[Your objective]
Using the material below, repeat exactly the lines from the one with "人民網(wǎng)北京10月" through the one with "校友导师胡钰(经1991)分", ends included, without any images.

[Data shown]
▼
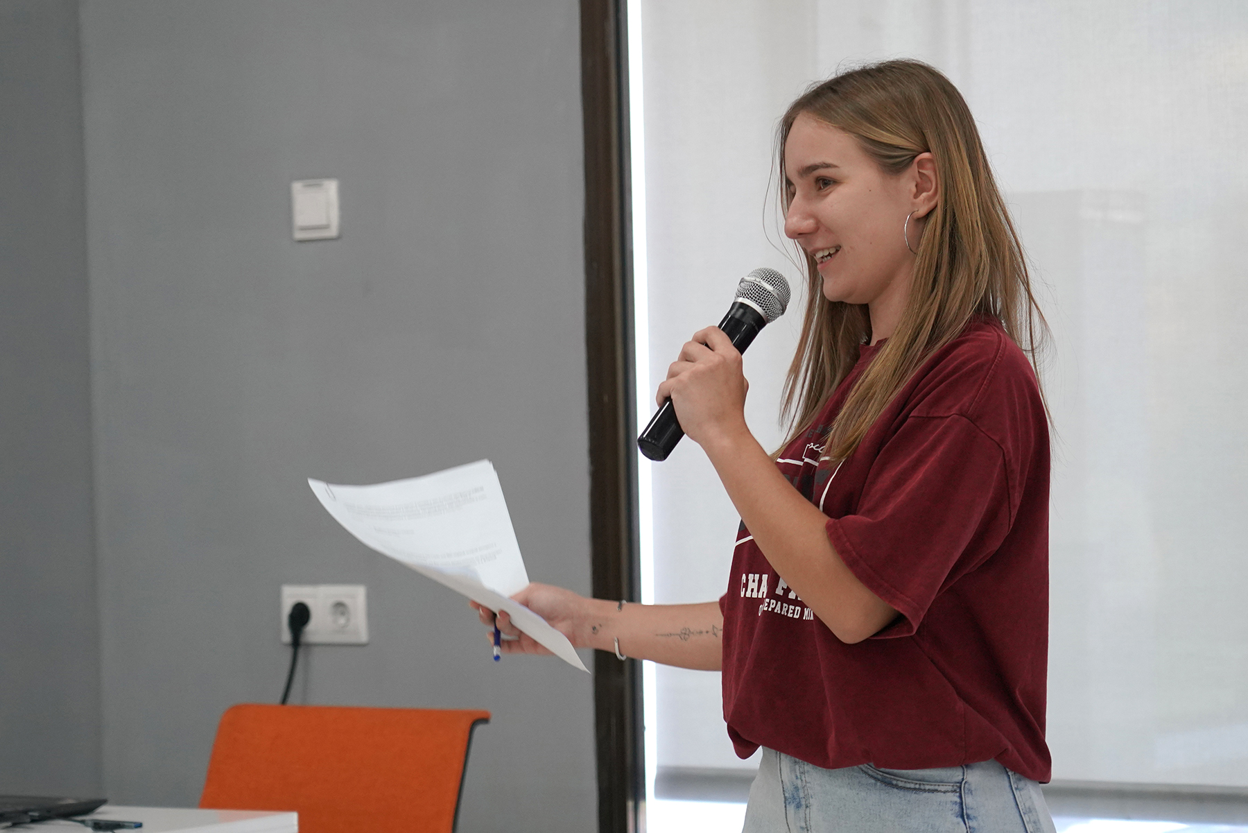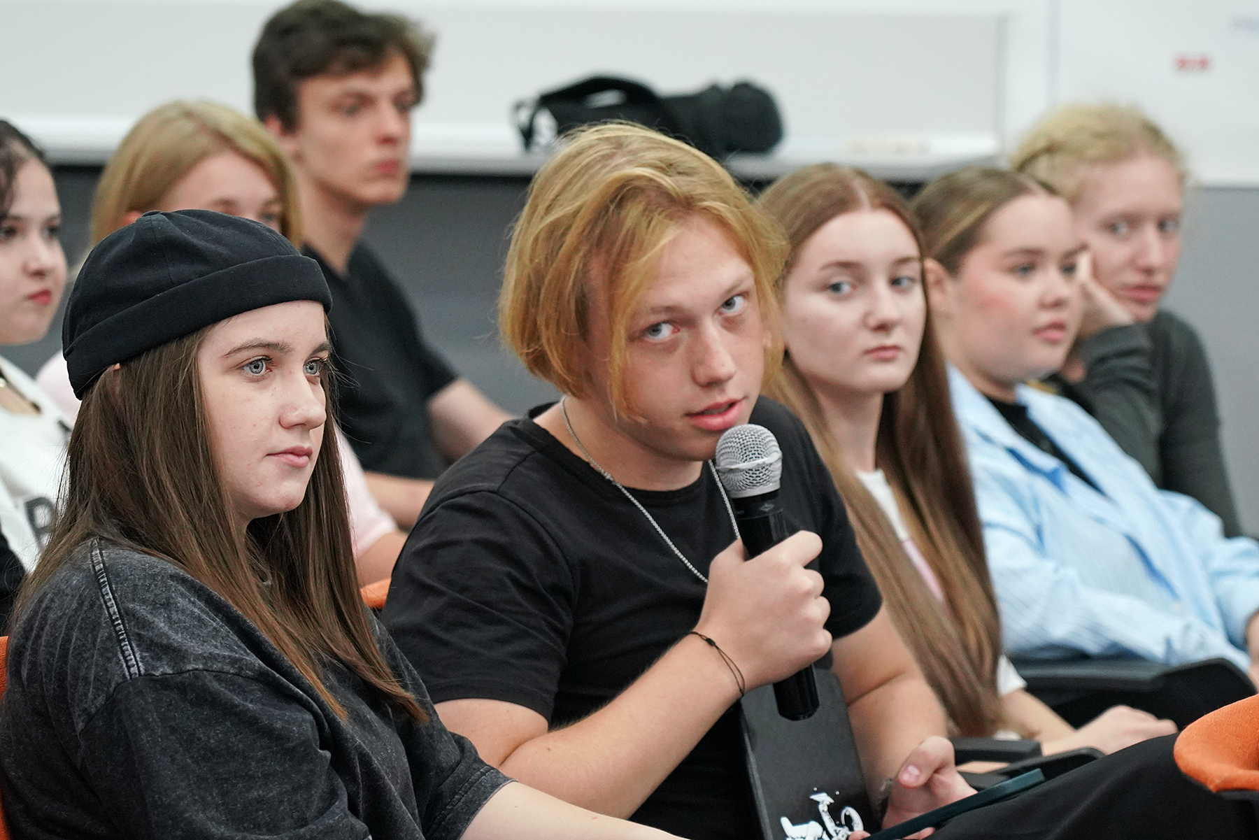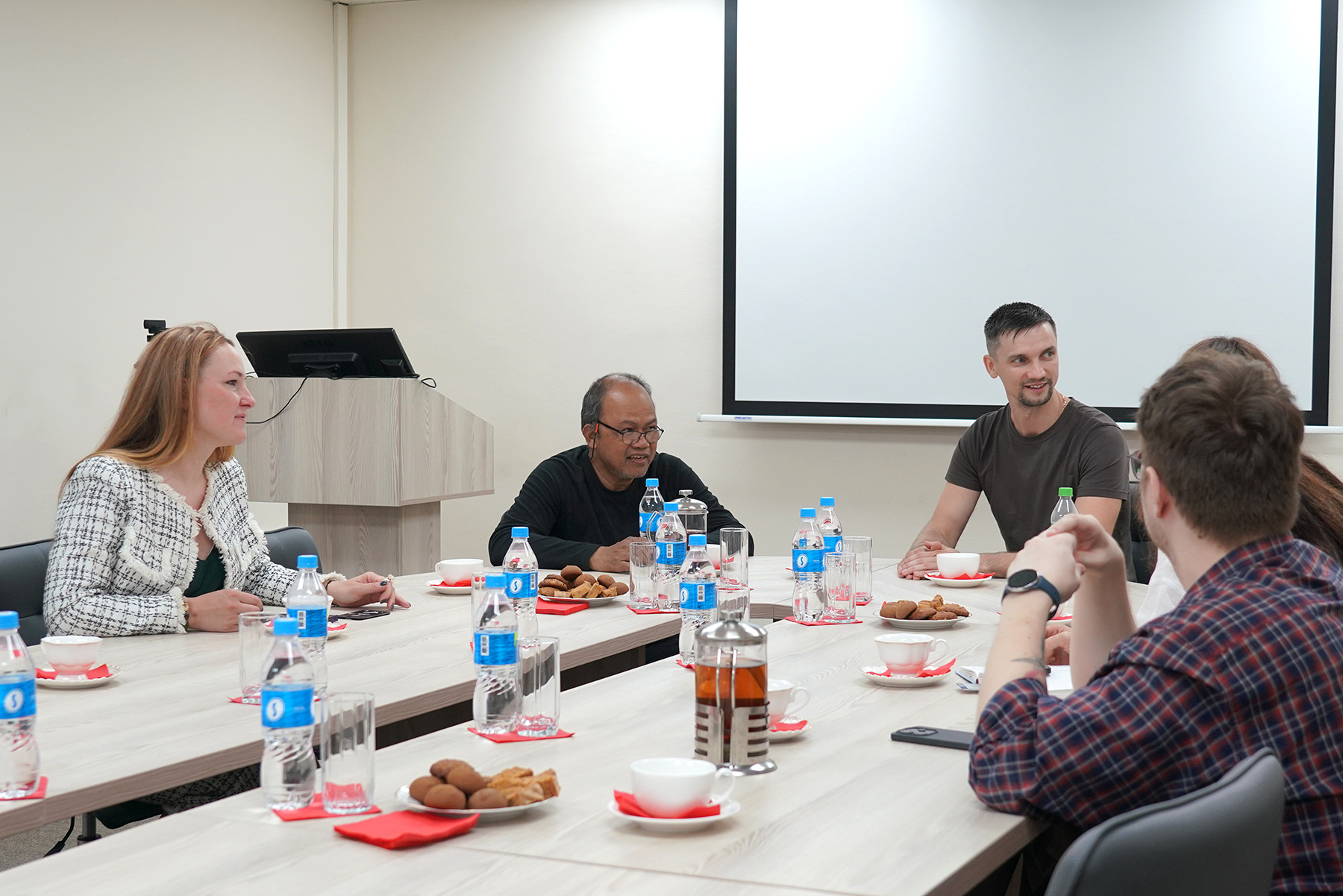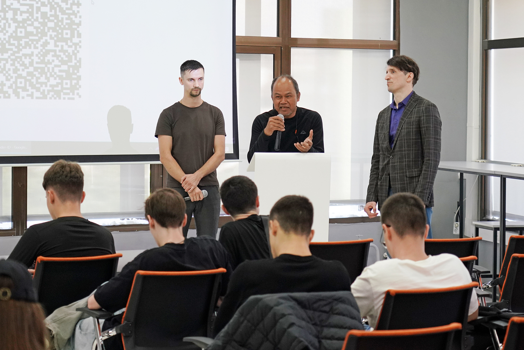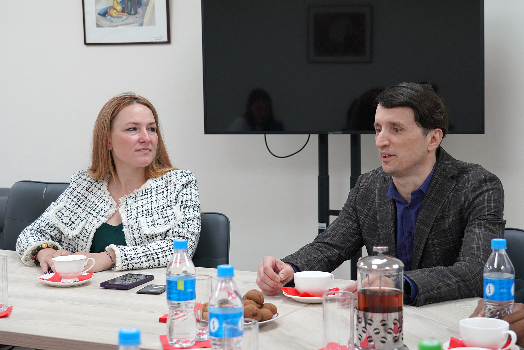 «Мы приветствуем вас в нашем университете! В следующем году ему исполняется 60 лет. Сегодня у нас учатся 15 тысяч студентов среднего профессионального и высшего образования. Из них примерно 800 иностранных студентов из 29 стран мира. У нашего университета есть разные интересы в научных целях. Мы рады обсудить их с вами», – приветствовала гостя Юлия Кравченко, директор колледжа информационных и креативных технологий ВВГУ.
▲
▼
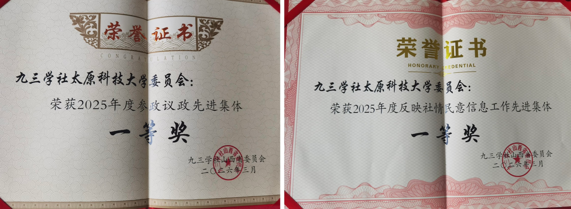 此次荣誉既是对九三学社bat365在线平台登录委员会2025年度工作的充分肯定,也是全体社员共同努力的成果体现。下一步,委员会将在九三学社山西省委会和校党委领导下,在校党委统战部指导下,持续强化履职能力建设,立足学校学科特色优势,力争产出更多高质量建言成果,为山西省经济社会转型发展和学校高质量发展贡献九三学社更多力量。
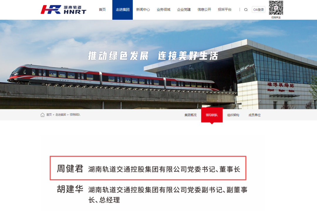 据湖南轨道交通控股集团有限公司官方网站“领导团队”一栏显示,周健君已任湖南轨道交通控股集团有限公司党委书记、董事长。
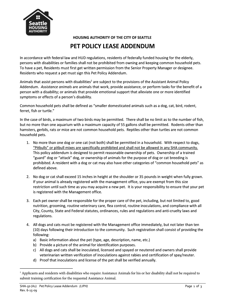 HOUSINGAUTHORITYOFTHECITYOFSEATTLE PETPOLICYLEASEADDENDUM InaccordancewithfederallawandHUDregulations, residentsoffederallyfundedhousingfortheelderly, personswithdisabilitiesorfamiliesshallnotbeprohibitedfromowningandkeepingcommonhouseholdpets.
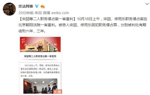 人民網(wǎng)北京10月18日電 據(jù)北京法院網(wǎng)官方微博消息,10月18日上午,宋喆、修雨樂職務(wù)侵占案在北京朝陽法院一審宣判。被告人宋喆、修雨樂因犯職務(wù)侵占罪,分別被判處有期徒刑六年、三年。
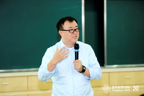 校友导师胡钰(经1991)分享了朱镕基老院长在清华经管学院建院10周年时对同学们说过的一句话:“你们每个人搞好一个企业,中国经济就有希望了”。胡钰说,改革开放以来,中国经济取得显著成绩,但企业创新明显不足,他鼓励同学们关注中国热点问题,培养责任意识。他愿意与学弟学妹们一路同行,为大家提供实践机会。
▲
[Result of this task]
 人民網(wǎng)北京10月18日電 據(jù)北京法院網(wǎng)官方微博消息,10月18日上午,宋喆、修雨樂職務(wù)侵占案在北京朝陽法院一審宣判。被告人宋喆、修雨樂因犯職務(wù)侵占罪,分別被判處有期徒刑六年、三年。
 校友导师胡钰(经1991)分享了朱镕基老院长在清华经管学院建院10周年时对同学们说过的一句话:“你们每个人搞好一个企业,中国经济就有希望了”。胡钰说,改革开放以来,中国经济取得显著成绩,但企业创新明显不足,他鼓励同学们关注中国热点问题,培养责任意识。他愿意与学弟学妹们一路同行,为大家提供实践机会。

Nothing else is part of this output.